There are no therapeutic avenues that fully control the symptoms of corticobasal degeneration or reduce the progression of the underlying neurodegeneration. Symptomatic treatment of the individual motor symptoms (parkinsonism, dystonia, myoclonus) and nonmotor symptoms (cognitive impairment, behavioral symptoms) remains the cornerstone of the management of patients with corticobasal degeneration. Parkinsonian features may be abated partially by dopaminergic drugs such as levodopa or dopamine agonists. In the largest published treatment series, Kompoliti gathered 147 cases of clinical corticobasal degeneration and found that antiparkinsonian drugs induced some clinical benefit in 24% of treated subjects and that levodopa was the most effective agent (102). In a retrospective study on pathologically proven cases of corticobasal degeneration, levodopa had resulted in mild-to-moderate improvement (116). Side effects of levodopa, like dyskinesia, are not typical but can occur (51). In addition, the acute levodopa challenge that has been useful in distinguishing patients with idiopathic Parkinson disease from those with atypical parkinsonian disorders including corticobasal degeneration tends to have more side effects (nausea, dizziness, headache) in the latter (220).

For myoclonus, both levetiracetam and clonazepam have been reported to be beneficial (33; 108). Major side effects of these medications include mood changes and somnolence. For the symptomatic treatment of dystonia, botulinum toxin may be helpful. Botulinum toxin selectively injected into dystonic limbs was locally useful, especially when the fist becomes forcibly clenched and functionally useless (102; 35; 140). Because depression is a frequent accompaniment, its signs must be identified and symptoms treated (73). In 1 study, depression occurred in 73%, apathy in 40%, irritability in 20%, and agitation in 20% of corticobasal degeneration subjects. Irritability was significantly associated with other signs of disinhibition (120). In a study, 42% of 68 patients with corticobasal degeneration had depressive symptoms during the initial visit, whereas the prevalence increased to 55% when all the visits were considered. Selective serotonin reuptake inhibitors (SSRIs) are effective in ameliorating the depressive symptoms (126). Tricyclic antidepressants should be avoided in view of their disabling anticholinergic side-effects.
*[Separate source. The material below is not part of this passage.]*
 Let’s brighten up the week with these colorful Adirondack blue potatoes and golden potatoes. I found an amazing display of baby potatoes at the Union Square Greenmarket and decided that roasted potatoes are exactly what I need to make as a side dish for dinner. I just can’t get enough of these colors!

Emerging therapies may be considered in the future, including low-frequency repetitive transcranial magnetic stimulation (rTMS). rTMS improved the unified Parkinson disease rating scale (UPDRS) and quality of life after 3 months of therapeutic interventions, and there was no significant deterioration in cognitive functions (185). Additionally, consistent with other neurodegenerative diseases, maintaining and encouraging physical activity may improve functional outcomes (198). Apathy may be observed in patients with corticobasal degeneration, and the presence of apathy is associated with a greater caregiver burden (08).
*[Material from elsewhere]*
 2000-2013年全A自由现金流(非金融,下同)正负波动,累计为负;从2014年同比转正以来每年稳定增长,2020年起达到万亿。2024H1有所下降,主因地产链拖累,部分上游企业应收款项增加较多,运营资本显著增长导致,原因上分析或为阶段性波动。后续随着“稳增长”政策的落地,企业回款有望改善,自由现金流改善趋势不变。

Several therapeutic approaches targeting the potential underlying biological processes are being attempted to reduce the progression of the pathology. These approaches include reduction of abnormal post-translational modifications, blocking of transcellular spread of tau, stabilization of microtubules and neuroprotection, and enhancement of tau degradation (149).
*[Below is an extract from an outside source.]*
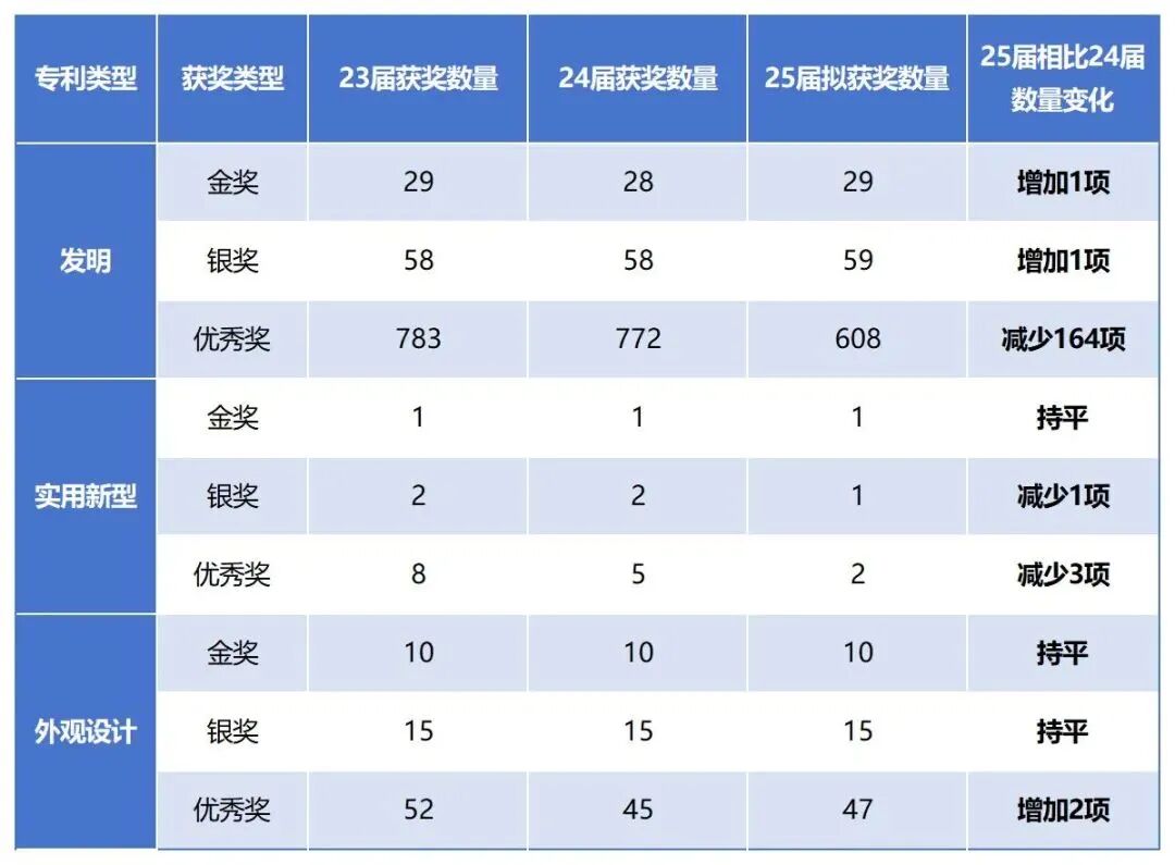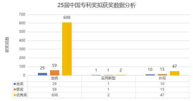 第二十五届中国专利奖共评选出中国专利金奖预获奖项目30项,中国外观设计金奖预获奖项目10项,中国专利银奖预获奖项目60项,中国外观设计银奖预获奖项目15项,中国专利优秀奖预获奖项目610项,中国外观设计优秀奖预获奖项目47项。

There are excellent reviews of pharmacological, diet, and other symptomatic therapies for corticobasal degeneration (108; 126).

Special considerations

Pregnancy

Not applicable. Age of disease onset is usually in the sixth or seventh decade of life.

Anesthesia

No specific issues are necessary, but delirium is common for patients with parkinsonism and acute medical issues or postsurgically.